4. The method of claim 1, further comprising determining, based on the matching, an instruction for the user how to manipulate the at least one object, wherein the instruction is sent to the user.
5. The method of claim 4, further comprising dividing an environment reachable by the user into different sections, the different sections comprising a preferred section in which the correct position of the at least one portion of the user is located, wherein information about the preferred section is transmitted to the user such that the information about the preferred section can be displayed to the user as augmented reality.
6. The method of claim 1, further comprising determining more detailed information about the at least one object describing the at least one object in more detail, wherein the more detailed information is sent to the user.
7. The method of claim 1, wherein matching the actual user position data to the predefined user position data comprises: determining an actual object position from the received actual object position data and an actual user position from the actual user position data; comparing the actual object position and the actual user position to a plurality of position sets, each position set comprising a desired object position and with a corresponding desired user position, in order to find the position set best matching the actual user position and the actual object position, the best matching position set comprising a best matching position of the portion of the user and a best matching position of the object; determining, in a sequence of steps to be carried out by the user the next step to be carried out by user, a next position of the at least one portion of the user in the next step; and determining whether the next position is within a threshold distance to the best matching position of the portion of the user.
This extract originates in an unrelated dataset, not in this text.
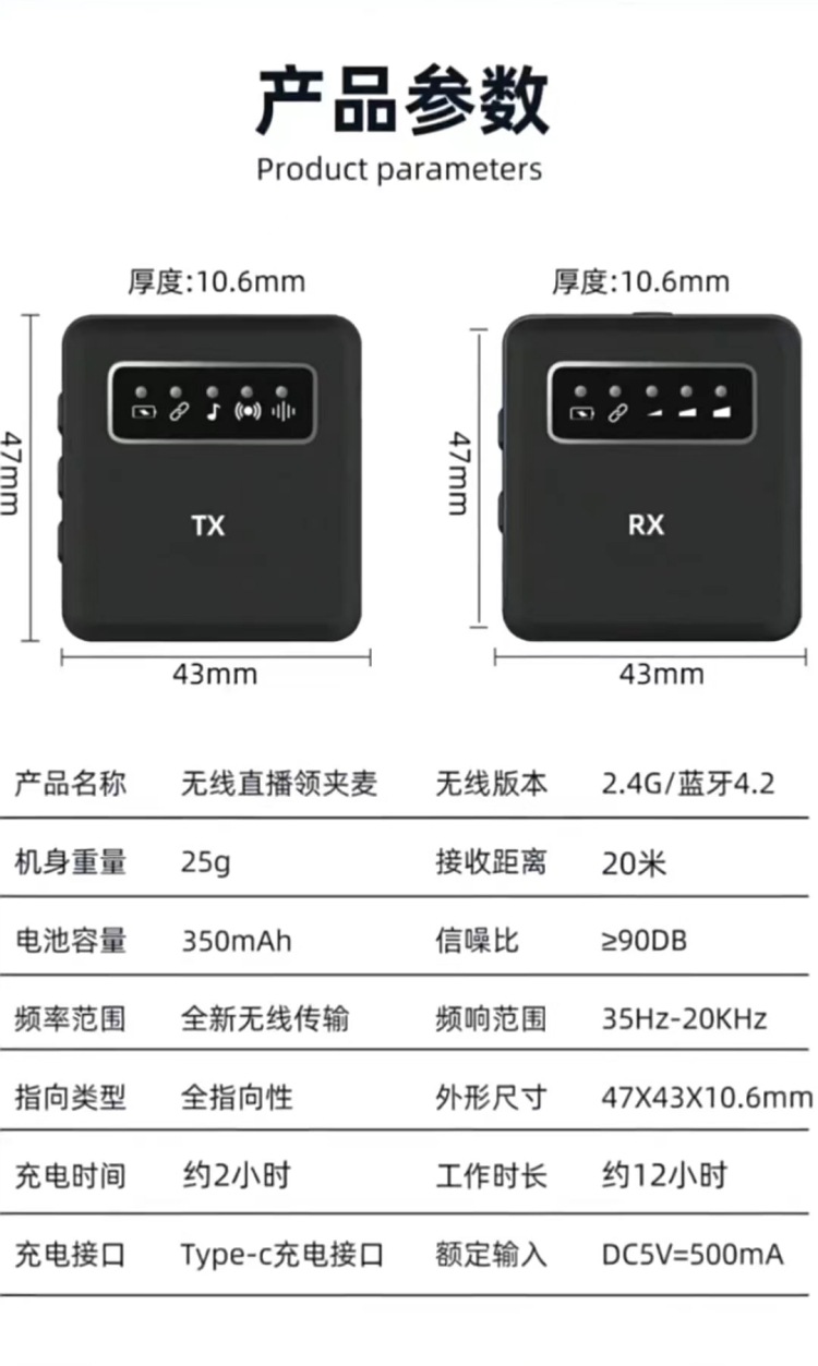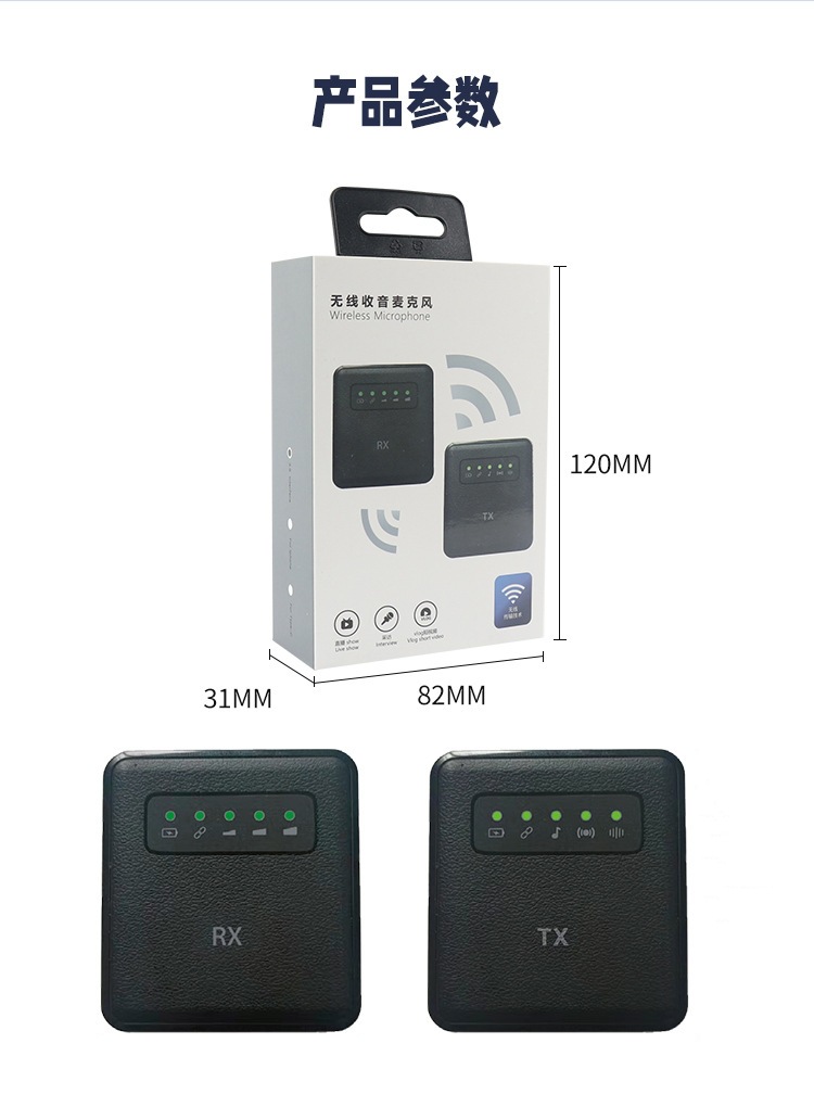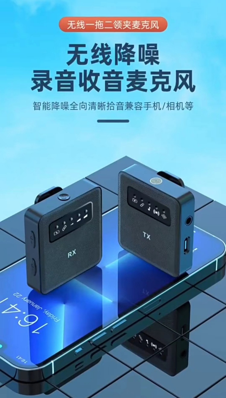 small square box wireless collar clip microphone one-to-two live broadcast noise reduction microphone one to one interview radio

8. The method of claim 7, further comprising indicating to the user the next position of the at least one portion of the user.
9. The method of claim 1, wherein matching the actual user position data to predefined user position data comprises at least one of a nearest neighbor clustering and a k-means clustering.
10. The method of claim 1, further comprising collecting the predefined object position data and the predefined user position data including monitoring a plurality of user manipulating the at least one object in a sequence of steps.
11. The method of claim 1, further comprising: receiving first image data generated by first image sensor comprising 2 dimensional images of the user and its direct environment, receiving second image data generated by a second image sensor different from the first image sensor, the second image data comprising further images comprising an additional depth information, generating fused image data based on the first image data and the second image data in a common coordinate system, the fused image data comprising the actual position of the at least one portion of the user and the actual position of the at least one object in the common coordinate system, wherein receiving the actual user position data and the actual object position data comprises receiving the fused image data.
12. The method of claim 11, wherein the actual position of the at least one portion is determined based on the second image data, wherein the actual position of the at least one object is determined based on the first image data.
13. The method of claim 11, wherein the fused image data are 2 dimensional image data
14. (canceled)
15. A monitoring unit configured to monitor a manipulation of at least of object by a user, the monitoring unit comprising: a memory; and at least one processing unit, the memory containing instructions executable by said at least one processing unit, wherein the monitoring unit is operative to: receive, via the cellular network, actual user position data comprising an actual position of at least one portion of user used to manipulate the at least one object, and actual object position data comprising an actual position of the at least one object; match the actual user position data to predefined user position data provided at the monitoring unit, the predefined user position data indicating a correct position of the at least one portion of the user for manipulating the at least one object, and matching the actual object position data to predefined object position data provided at the monitoring unit, the predefined object position data indicating a correct position of the at least one object; and determine, based on the matching, whether the manipulation of the at least one object by the at least one portion of the user is correct or not.
16. The monitoring unit of claim 15, further being operative, for determining whether the manipulation is correct or not, to determine that the manipulation of the at least one object is not correct when the actual user position data differ from the predefined user position data by more than a threshold, and to transmit a notification to the user over the network that the manipulation is not correct.
17. The monitoring unit of claim 15, further being operative to determine in a sequence of steps to be carried out by the user a next step to be carried out by user, a next position of the at least one portion of the user in the next step, and to determine, in the matching, whether the actual user position data are in agreement with the next position.
18. The monitoring unit of claim 15, further being operative, to determine, based on the matching, an instruction for the user how to manipulate the at least one object, and to send the instruction to the user.
19-26. (canceled)
27. The monitoring unit claim 15, comprising a first monitoring module and a second monitoring module, wherein the first monitoring module is operative to receive the actual user position data and the actual object position data, and to carry out the matching, wherein the second monitoring module is operative to receive the first and second image data and to generate the fused image data.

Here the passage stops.